**TASK DESCRIPTION**
The required output is the lines below from the line containing "Manatees in natural" to the line containing "首先,董立明以近年来在不同学", inclusive, retyped exactly. No other lines belong in it.

**INFORMATION GIVEN**
=-=-=-=-=

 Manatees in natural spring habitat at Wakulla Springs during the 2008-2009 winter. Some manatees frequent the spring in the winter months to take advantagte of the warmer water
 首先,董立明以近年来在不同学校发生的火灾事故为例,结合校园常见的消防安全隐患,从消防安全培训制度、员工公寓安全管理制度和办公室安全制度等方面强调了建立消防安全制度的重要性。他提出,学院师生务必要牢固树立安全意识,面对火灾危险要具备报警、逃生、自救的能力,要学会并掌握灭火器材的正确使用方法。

=-=-=-=-=

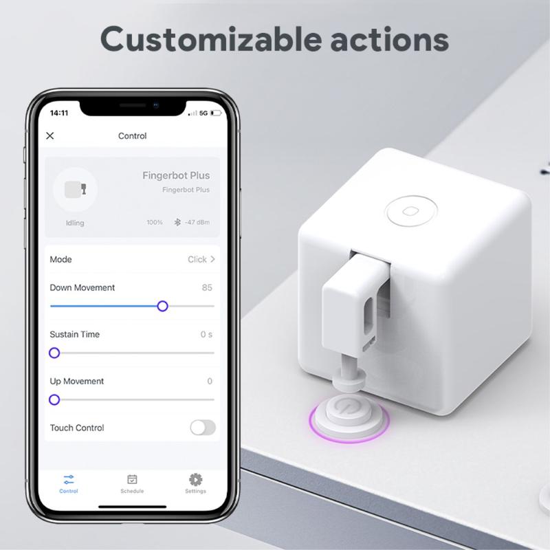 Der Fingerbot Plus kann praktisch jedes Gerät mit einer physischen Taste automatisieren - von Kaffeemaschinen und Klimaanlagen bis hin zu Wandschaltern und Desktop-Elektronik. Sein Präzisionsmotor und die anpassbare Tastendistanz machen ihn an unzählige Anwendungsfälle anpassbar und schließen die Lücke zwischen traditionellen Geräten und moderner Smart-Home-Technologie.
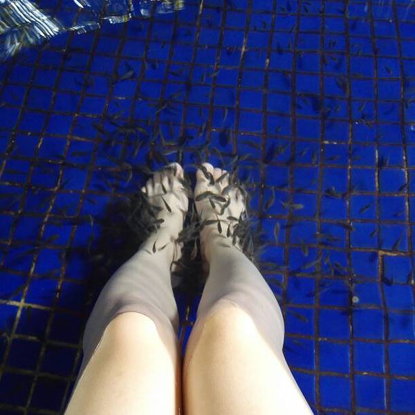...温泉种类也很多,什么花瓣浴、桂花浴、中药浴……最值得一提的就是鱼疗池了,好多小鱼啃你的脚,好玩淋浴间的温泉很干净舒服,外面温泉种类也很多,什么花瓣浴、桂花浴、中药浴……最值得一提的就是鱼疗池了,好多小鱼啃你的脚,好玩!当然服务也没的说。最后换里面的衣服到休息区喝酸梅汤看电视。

=-=-=-=-=

**RESULT OF THIS EXERCISE**
 Manatees in natural spring habitat at Wakulla Springs during the 2008-2009 winter. Some manatees frequent the spring in the winter months to take advantagte of the warmer water
 首先,董立明以近年来在不同学校发生的火灾事故为例,结合校园常见的消防安全隐患,从消防安全培训制度、员工公寓安全管理制度和办公室安全制度等方面强调了建立消防安全制度的重要性。他提出,学院师生务必要牢固树立安全意识,面对火灾危险要具备报警、逃生、自救的能力,要学会并掌握灭火器材的正确使用方法。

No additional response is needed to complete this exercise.